The output is related to the input using the following function

$$y_i = 3x_{i,1} + x^2 exp(x_{i,1}) + \epsilon_i$$

where $\epsilon$ is an independently and identically distributed (i.i.d.) random variable and $i = 1,2,\dots,n$ is an index of examples (or observations)

In [None]:
import numpy as np
import pandas as pd
import matplotlib.pyplot as plt
import seaborn as sns
%matplotlib inline

n = 200 # number of examples (or observations)
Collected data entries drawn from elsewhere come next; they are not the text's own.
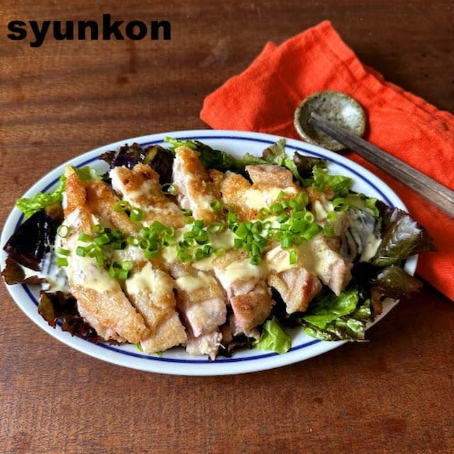 「パリパリチキンとなすの甘酢だれ新しょうがタルタル」レシピ。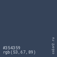 Цвет #354359 в цветовой модели RGB обозначается тремя октетами (53, 67, 89) в десятичном формате и #354359 в шестнадцатиричном (hex) формате, которые являются интенсивностью красного 53 (hex 35), интенсивность зелёного 67 (hex 43) и интенсивность синего 89 (hex 59).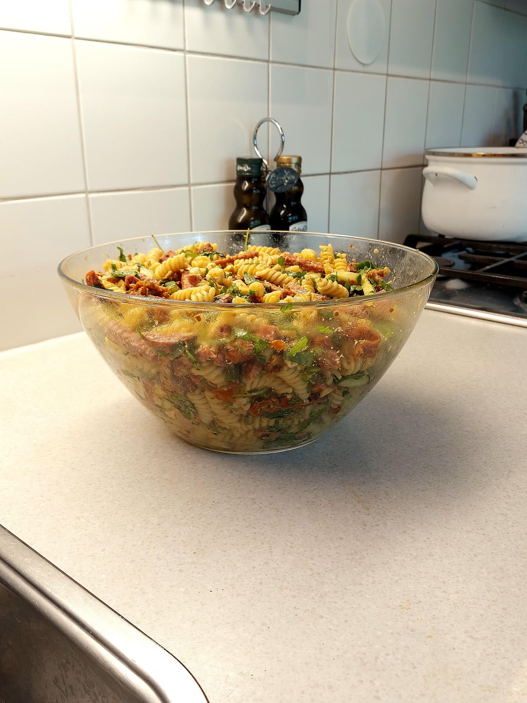 Made with a cucumber, 80g arugula, 500g salami, 150g sundried tomatoes, 400g mozzerella, 100g pesto, 500g fusilli by dontthinkabouttitt 2 Comments That-Gyoza-Life-44 4 months ago Looks delicious! And a nice, big batch too! How was it? Abner211 4 months ago Yummy 😋Write A CommentYou must be logged in to post a comment.
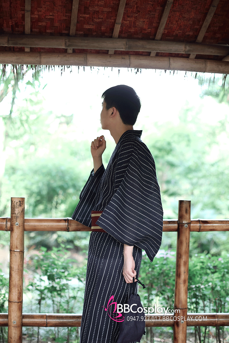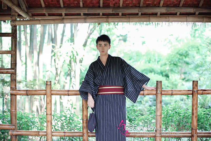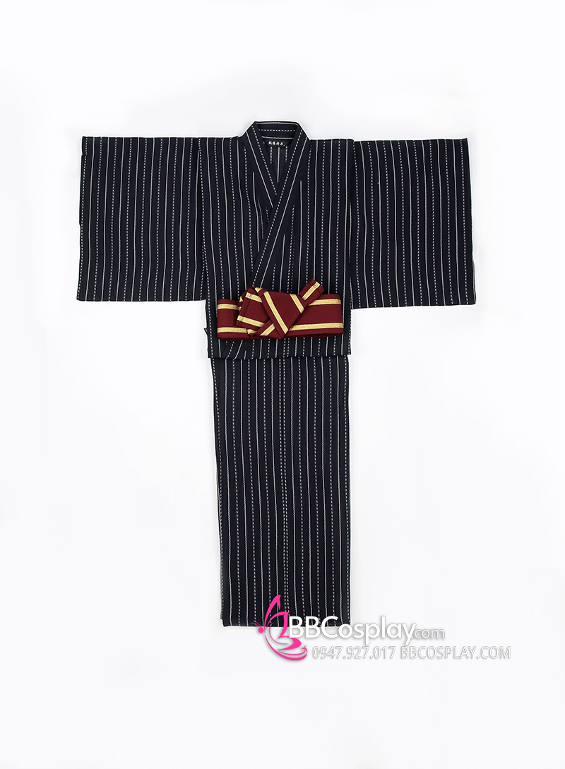 Yukata Nhật Xanh Đen Obi Đỏ Đô Viền Vàng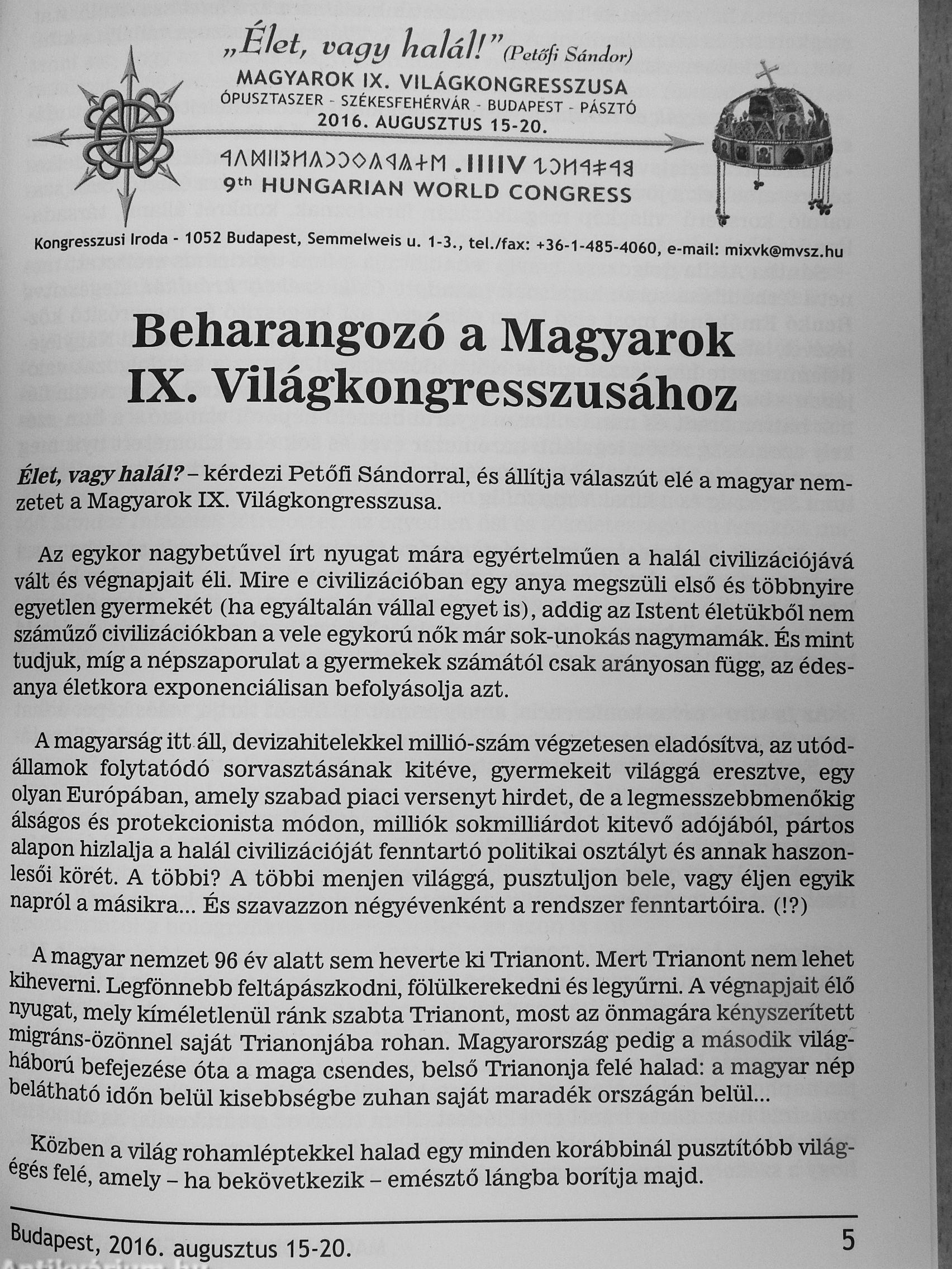 Magyarok IX. világkongresszusa I./Jövő a Szent Korona jegyében - nemzetstratégiai konferencia - 2016. augusztus 16-18.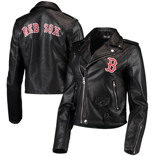 Women's The Wild Collective Black Boston Red Sox Faux Leather Moto Full-Zip Jacket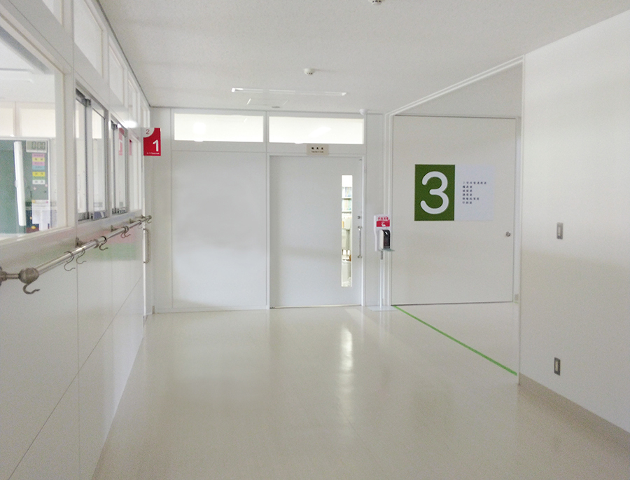 校舎内は白を基調に明るく清々しいイメージで、自然光も存分に取り込める広い窓を多様。教室や廊下の掲示板パネルは、カラーの選べるクロスタイプを使用。玄関ホールは、ガラスパーティションを使用し開放的で広い空間となっております。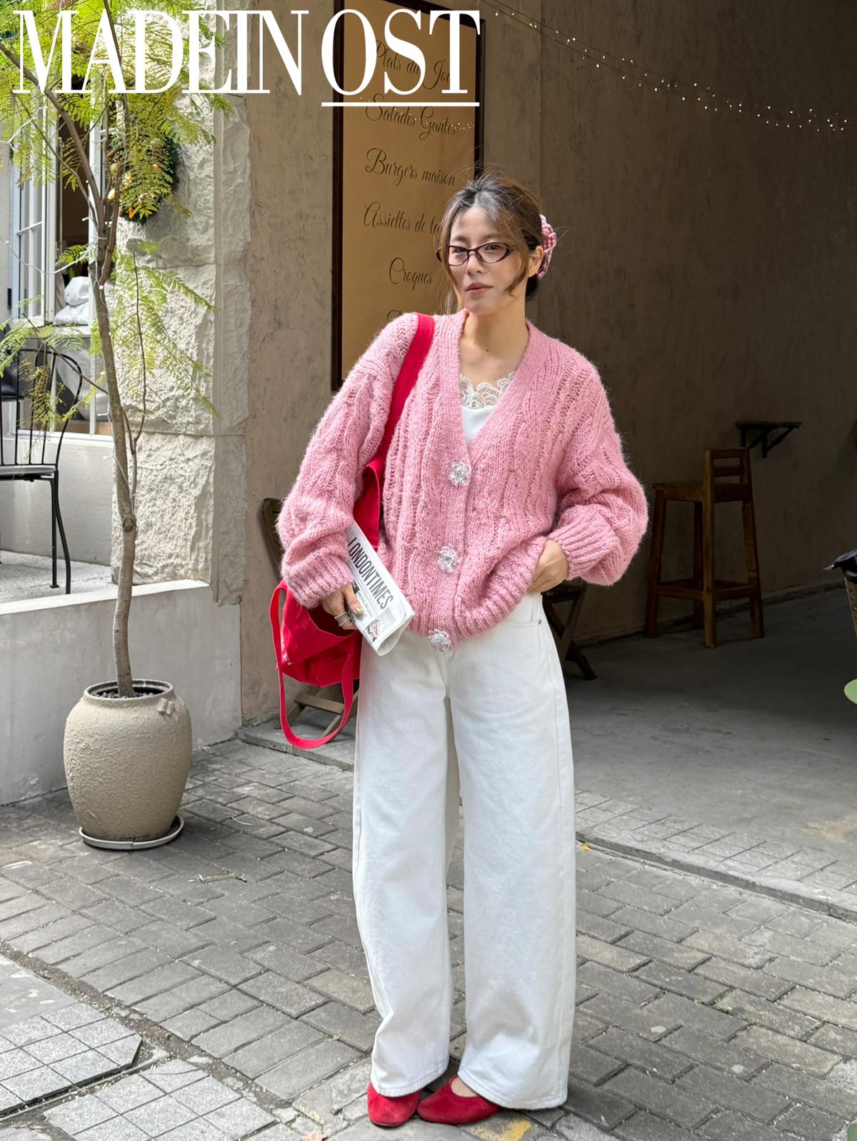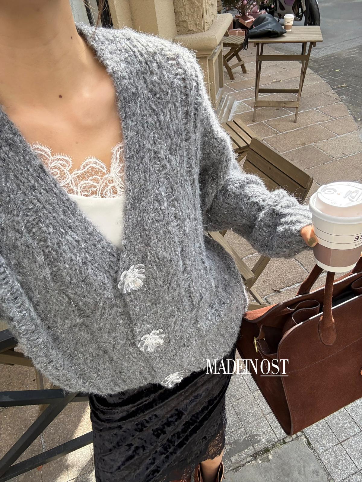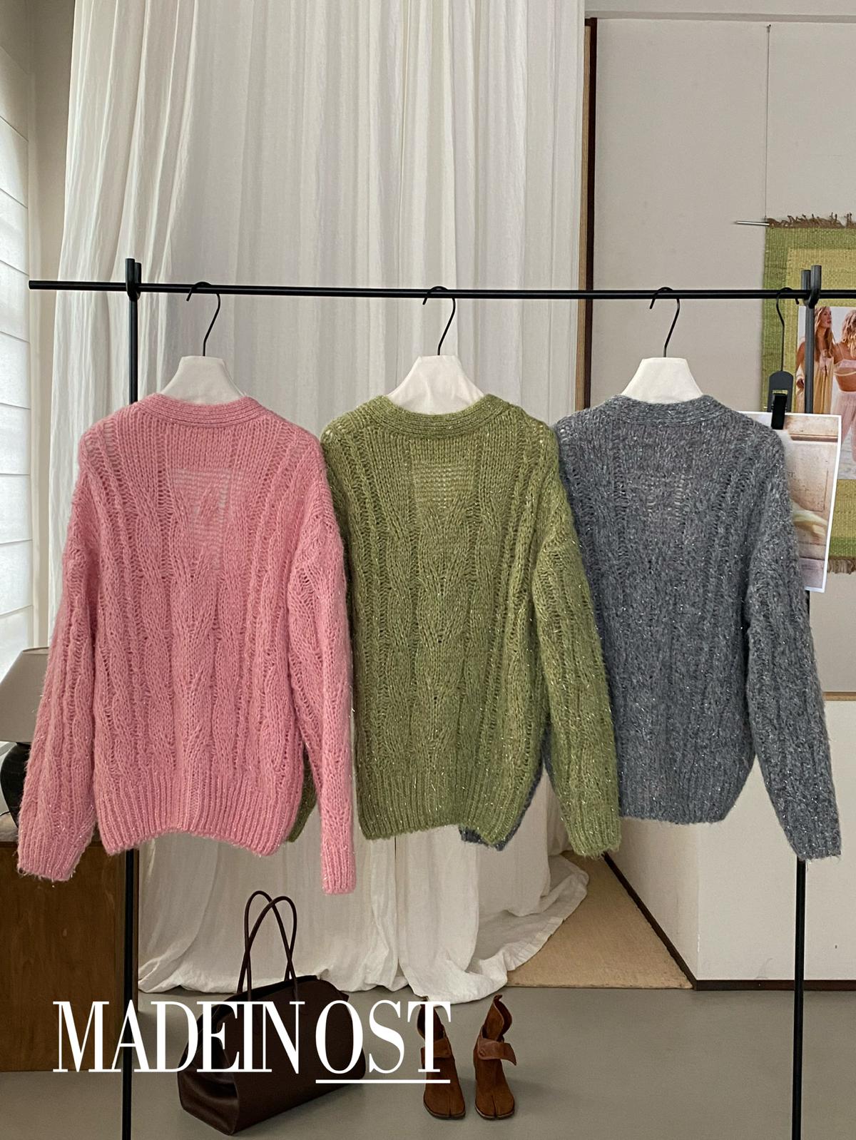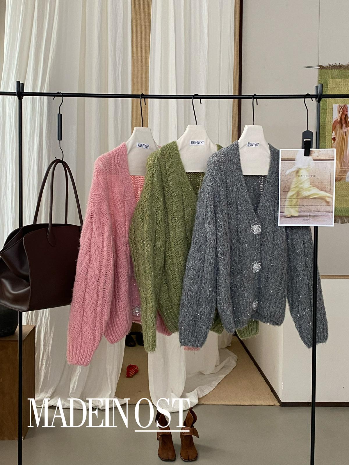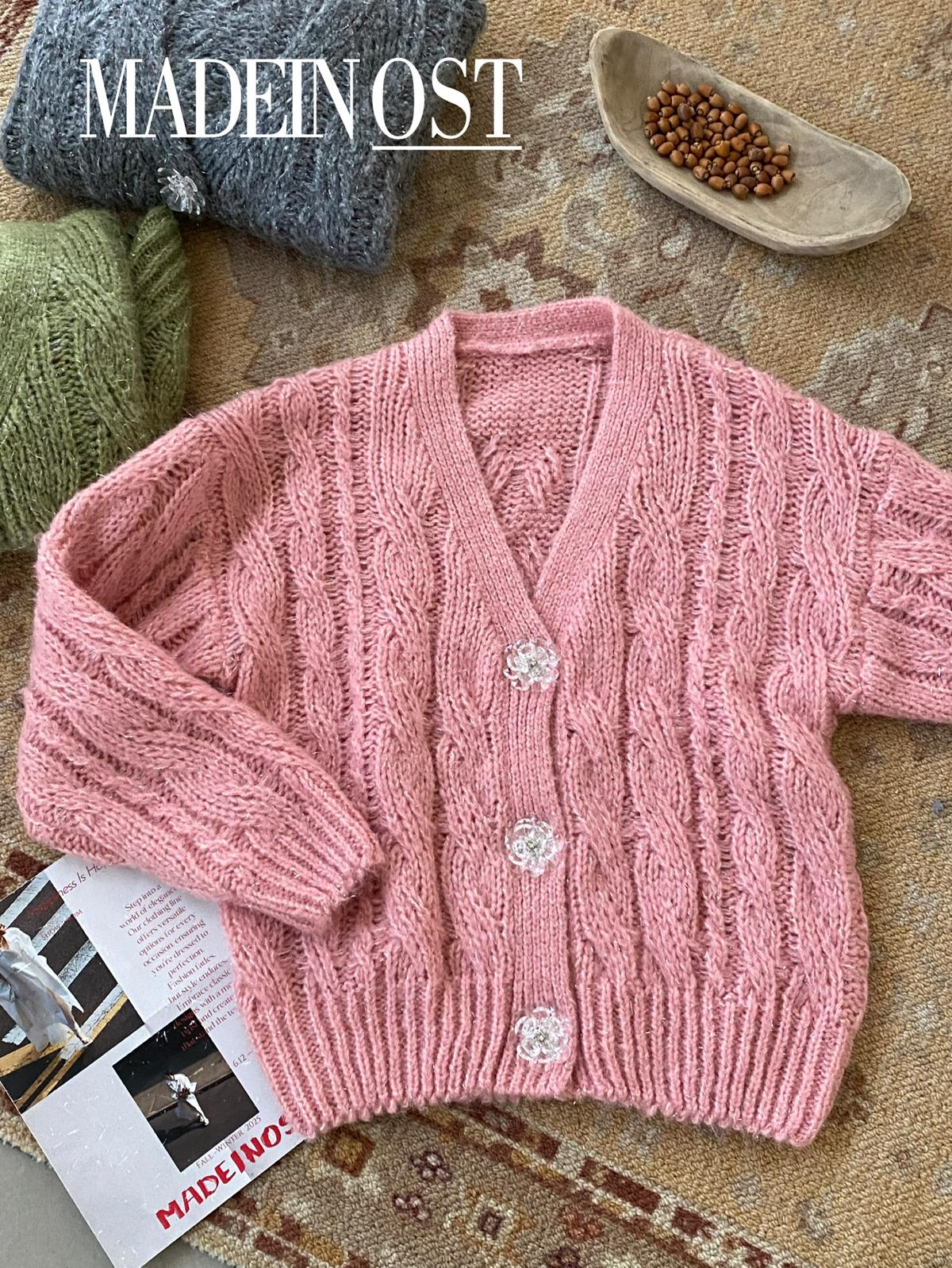 【C8434】新年慵懶感水晶花朵扭扣銀絲開衫保暖毛衣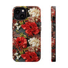Gold-Kissed Flowers on Pink Lace - MagSafe Tough Cases for iPhone 13, iPhone 13 Mini, iPhone 13 Pro, and iPhone 13 Pro Max.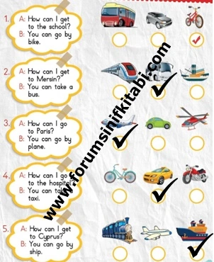 3. Sınıf İngilizce Kitabı Transportation Metni Etkinlik Cevapları

# Generate a set of n random numbers from a standard normal distribution
epsilon = np.random.randn(n)

# Generate a set of n random numbers from a uniform[0,1] distribution; name it x1
# and create another variable, which we name x2, from x1
x1 = np.random.uniform(0,1,n)
x2 = 1. / (1. + np.exp(-np.power(x1,3))) + 0.5*epsilon
x3 = np.random.randn(n)

X = pd.DataFrame({'x1':x1, 'x2':x2})

# Create the data generating mechanism
y = 3*x1 + np.power(x1,2)*np.exp(x1) + 0.8*x2 + 0.5*x3 + epsilon

## Split the data into a Training and Validation Set

In [None]:
from sklearn.model_selection import train_test_split
X_train, X_test, y_train, y_test = train_test_split(X, y, test_size = 0.5)

### Basic Descriptive Analysis

In [None]:
print(X_train.describe().T.round(4), "\n")
print(pd.DataFrame({'y':y_train}).describe().T.round(4))

In [None]:
# Correlation between x1 and x2 in the training set
np.corrcoef(X_train.iloc[:,0], X_train.iloc[:,1])[0][1].round(2)

In [None]:
fig = plt.figure(figsize=(15,10))

plt.subplot(3, 3, 1)
plt.hist(y_train)
plt.title("y (Training Set)")

plt.subplot(3, 3, 2)
plt.scatter(X_train.iloc[:,0], y_train)
plt.title("y vs x1 (Training Set)")

plt.subplot(3, 3, 3)
plt.scatter(X_train.iloc[:,1], y_train)
plt.title("y vs x2 (Training Set)")

plt.subplot(3, 3, 5)
plt.hist(X_train.iloc[:,0])
plt.title("x1 (Training Set)")

plt.subplot(3, 3, 6)
plt.scatter(X_train.iloc[:,0], X_train.iloc[:,1])
plt.title("x2 vs x1 (Training Set)")

plt.subplot(3, 3, 9)
plt.hist(X_train.iloc[:,1])
plt.title("x2 (Training Set)")

plt.tight_layout()

<div class="alert alert-block alert-warning">
Note: Before training, `numpy array` and `pandas dataframe` need to be converted to `PyTorch's tensors`
</div>

In [None]:
# convert numpy array to tensor in shape of input size
import torch 

X_train_ts = torch.from_numpy(X_train.values.reshape(-1,2)).float()
y_train_ts = torch.from_numpy(y_train.reshape(-1,1)).float()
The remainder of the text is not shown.